Definitely, but bootstrapping a language is quite a lot of work. Makes a lot of sense to build the "Stage 0" compiler using O'Caml or Haskell (which are excellent languages with good libs for building compilers).

If it catches on, I'm sure this project will eventually become self-hosting.


Many modern high-level languages use some kind of VM (most notably Clojure and V8). This is a means to provide a JIT, do runtime optimizations, and garbage collection. AOT means that you don't have a chance to do anything about the generated code at runtime. That said, the startup time of a monster like JVM is definitely problematic; the approach I'm taking is a thin VM.


> Many modern high-level languages use some kind of VM

I don't think this is a good approach and it's very nice to see projects like yours that try to shift the paradigm. LLVM can provide many of the benefits of bytecode based VMs, yet give efficient native code in the end.

How did you go about the GC? Did you grab a GC from somewhere else or build your own? Did you use LLVM shadow stacks and/or GC annotations? I guess Lisp is a lot easier to build a GC for than other languages.

There are many promises VMs should give, performance, safety and security but in practice not a lot of those promises were ever fulfilled. Performance can be on-par with native code in the best case but usually 2-10x behind, safety may be a bit better but we still get crashes because of incorrect memory use and the Oracle JVM has had more zero day vulnerabilities than any other software I can name. I think it's time to move on.


One issue with the current state of affairs with VM runtimes is that most developers without compiler developer knowledge, now think memory safe runtimes == VM.

I really think Java did a left turn there, by not providing native compilers as part of the standard toolchain.

At least .NET has NGEN and now will get .NET Native compilers as well.

Yes, Sun/Oracle JVM had quite a few security vulnerabilities, but many were caused by the native code in the VM stack. While others were indeed caused by real bugs in library code. Still way less exploits that in C and friends.

Besides that was one JVM, there are plenty of others out there which share 0% implementation with Oracle's.


The plan is to eventually stick with LLVM MCJIT with custom optimizations. There's really no point in producing an AOT binary.

I don't do GC yet.

I suspect it happens because the VM becomes too large and complex for anyone to debug.


Are you doing some fancy region analysis (e.g., like in Harlan) instead of GC?


> I need interoperability with native libs, JVM is just a hindrance for me.

Have you checked out CFFI/Common Lisp ? I've heard Chicken Scheme and Bigloo are also quite good when it comes to this.


Actually, there's a hidden motive behind not targeting Clojure: the eventual plan is to allow Elisp-like mutability so it can be used to build an Emacs-like editor.

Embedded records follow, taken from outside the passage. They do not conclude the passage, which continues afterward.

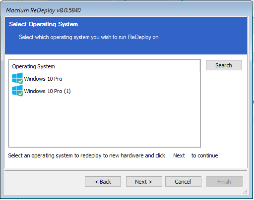 The first page of the ReDeploy wizard will display the operating systems that have been found on the system. In the majority of use cases (single boot systems), only one operating system will be shown in the list. However, in multi-boot systems, multiple operating systems may be present, this page can be used to select the operating system that ReDeploy will run on:
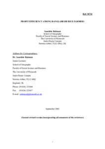 Profit efficiency among Bangladeshi rice farmers.
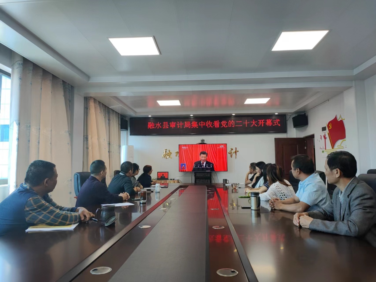 图为融水县审计局党员干部集中收看党的二十大开幕会
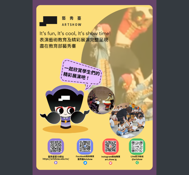 說明: 一、依據教育部114年9月23日臺教師(一)字第1140100160號函 辦理。 二、「藝秀臺」徵集全國各級學校表演藝術影音作品並提供相 關延伸學習內容,涵蓋音樂、舞蹈、創意戲劇、鄉土歌謠 四大類,自111年開臺迄今收錄550部豐富多元之影音內 容,可供師生及大眾上線欣賞演出,並以表演藝術為核心 擴展,提供各類藝術成果作為延伸教學應用。 三、「藝秀臺」114年9月最新上線影片為: (一)113學年度全國音樂學生比賽團體項目「行進管樂」北 區、中區及南區決賽紀錄共31支影片。 (二)《藝師藝有》113學年度線上成果展,共6支影片。四、「藝秀臺」將持續提供優質展演及表演藝術教育推廣內 容,更多精采影片,請至「藝秀臺」網站,或至「藝秀 臺」臉書粉絲專頁:臉書搜尋「藝秀臺ArtShow」、官方 IG:搜尋「art.show.ig」關注即時訊息。 五、藝秀臺網站連結圖檔及最新上線影片名單如附件,歡迎多 加推廣運用;如有相關疑義,請洽教育部承辦人陳小姐 (02)7736-6227或國立臺灣藝術大學表演藝術學院張小姐: (02)2272-2181分機2597。
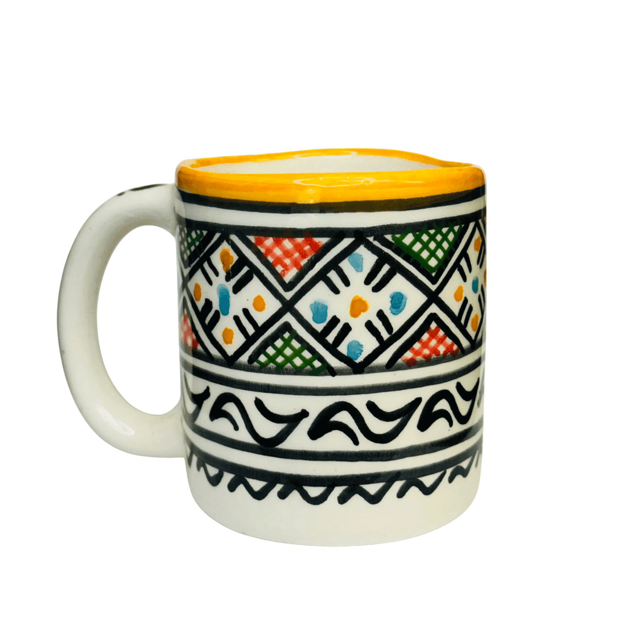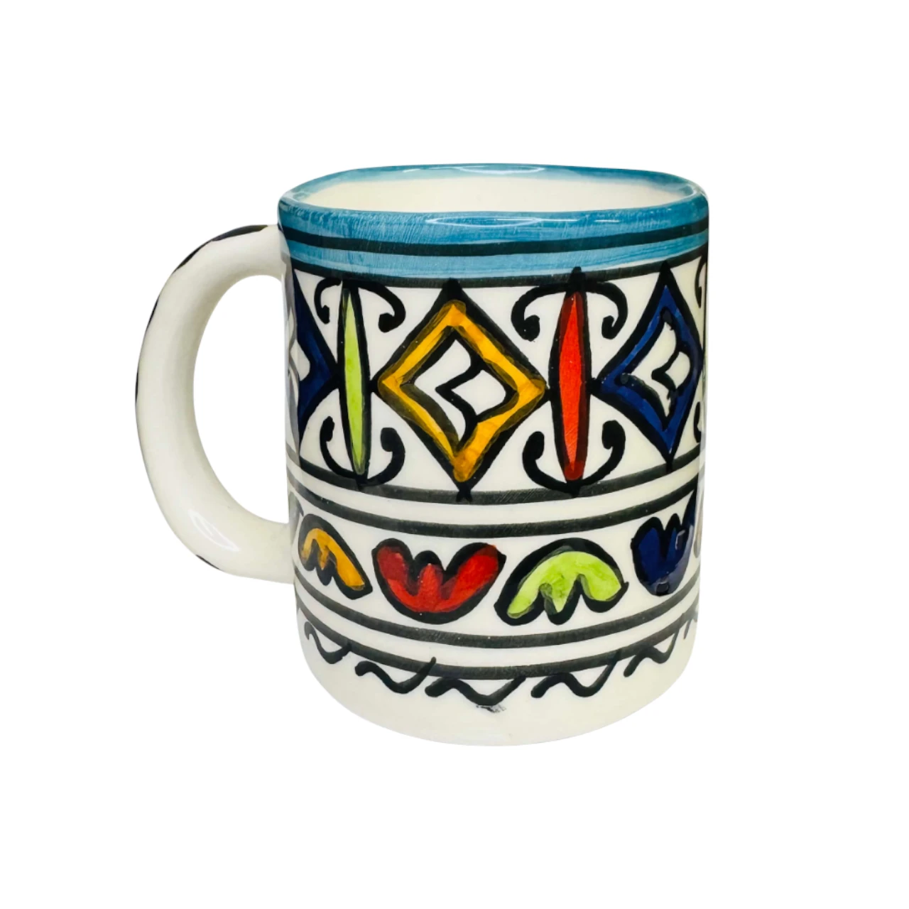 • Autentiškas keramikinis puodelis iš Maroko (Cilindras L): Tai ne šiaip indas, o unikalus meno kūrinys. Kiekvienas puodelis yra žiestas ir tapytas rankomis Maroko meistrų, todėl antro identiško nerasite. Ryškūs raštai ir tradicinė keramika suteiks Jūsų arbatos ritualui rytietiško žavesio ir šilumos.
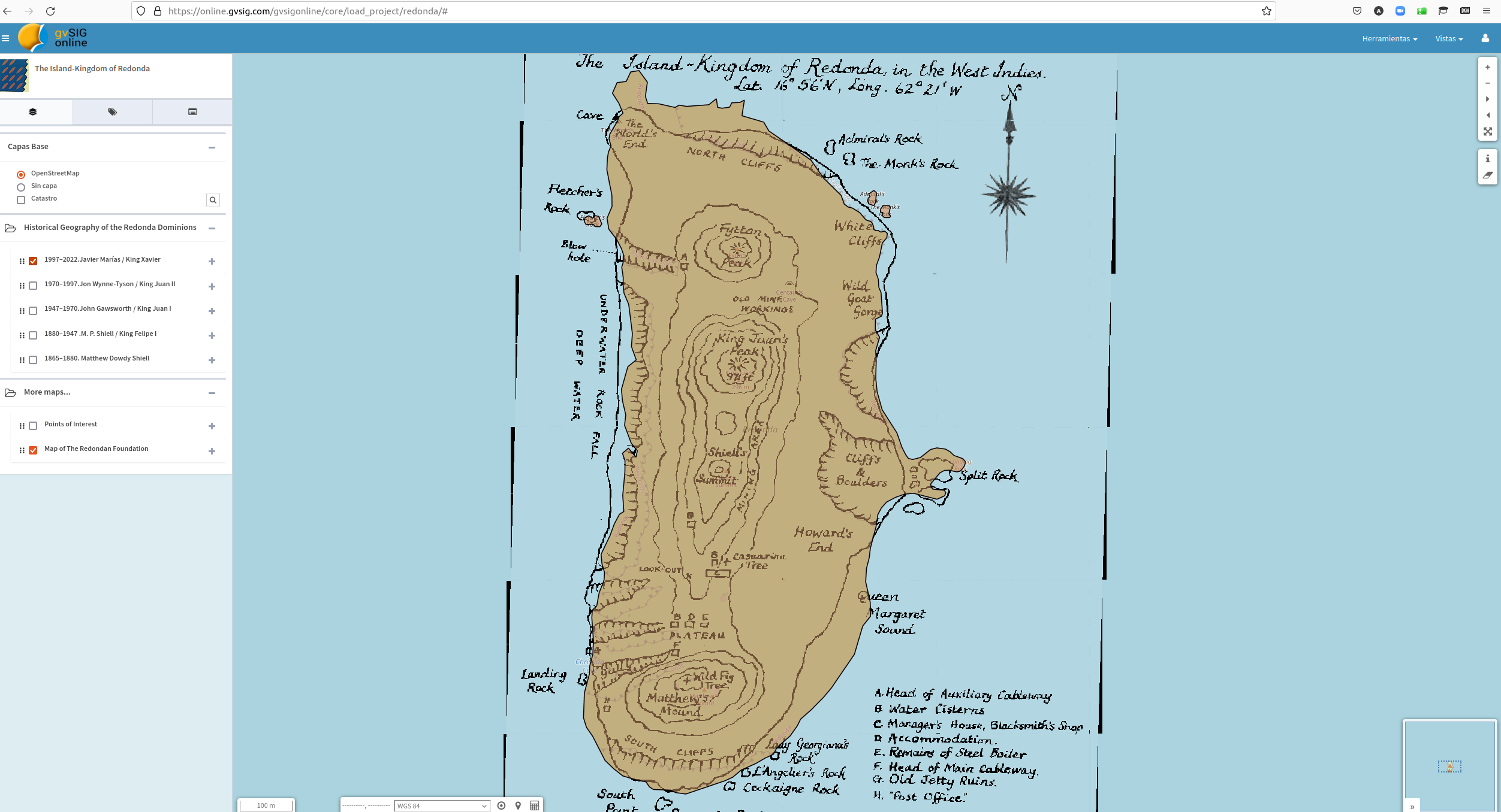 - Usando la herramienta de georreferenciación y posteriormente la de asignar proyección de gvSIG Desktop, ubiqué uno de los pocos mapas manuscritos que hay del Reino de Redonda, disponible en la web de The Redondan Foundation. Al ser un mapa dibujado no es sencillo hacerlo coincidir con sus coordenadas reales, pero creo que ha quedado medianamente bien.
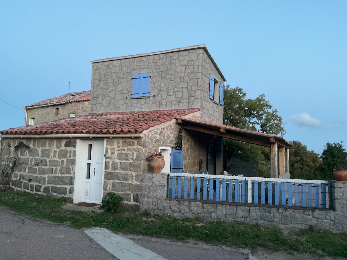 Ruhige Lage in einem großen, angelegten Garten umringt von Olivenbäumen und Steineichen mit herrlichem Meerblick bis nach Campomoro, wo der größte der Genueser Türme steht, der auf lohnenswerter Wanderung mit Badegelegenheit auch bestiegen werden kann) . Im Garten gedeihen Pflanzen mit Verletzungspotential (Agaven, Kakteen, Bougainvillen). Die Wege sind teilweise nicht befestigt. Eltern haften für ihre Kinder! Nach Mitteilung der ungefähren Ankunftszeit übergibt Ana im Haus die Schlüssel

I chose OCaml because of the relatively mature OCaml-LLVM bindings. A self-hosting compiler is a lot of work: it'll require Rhine-LLVM bindings first.


So you're building an Emacs-like editor on an Elisp-like language. What are you hoping to do differently than Emacs?

(Not being snarky, languages and text editors are both interesting projects and worth experimenting with, and combining the two is especially interesting to me.)


A new editor that copied emacs' good Lisp support and insane customizability via hooks for everything but had an interface that was approachable for regular desktop users (tabs instead of buffers, good CUA-style keybinds out of the box, no surprising weirdness like nonlinear undo, etc) is about the single most important thing anyone could do to increase the popularity of the Lisp family. Right now, if you want to write Lisp, your choices are:

emacs, which is utterly unapproachable for newcomers, and will always be uncomfortable to use for people that grew up with "modern" desktop GUIs, because it and most of its userbase predate established interface standards and they like it that way.

DrRacket, which is a step in the right direction but is Racket-specific, bloated, slow, and somewhat buggy.

LispWorks, which is proprietary and prohibitively expensive unless you sign up for and are allowed to use the crippleware version.

Given those choices, it's not surprising that most people just give up on Lisp and use languages that you could comfortably program in Notepad if you had to.


Why do you need mutability for that? Doesn't LT's approach give the same flexibility without the need for mutation everywhere? Or is it mainly a concern of performance?


I didn't quite understand how LT works. I have the following tasks in mind:

1. Set indent-tabs-mode in all modes which use that variable. So, if I install a hs-mode, the indent-tabs-mode in my .emacs should be the one that it picks up.

2. Add multiple independent hooks to c-mode-hook from different modes.

3. Change the global keymap in different modes, as and when they are loaded.

Isn't mutable variables the most obvious way to solve these problems?


> Isn't mutable variables the most obvious way to solve these problems?

Yes, but the mutation can be entirely limited to the reference. The data structures do not have to be mutable. It's a trade-off, of course, because you can't pass somebody just part of a data structure (like a sub-map) and have them mutate it there, but I think Clojure has shown that in practice this isn't really much of a loss.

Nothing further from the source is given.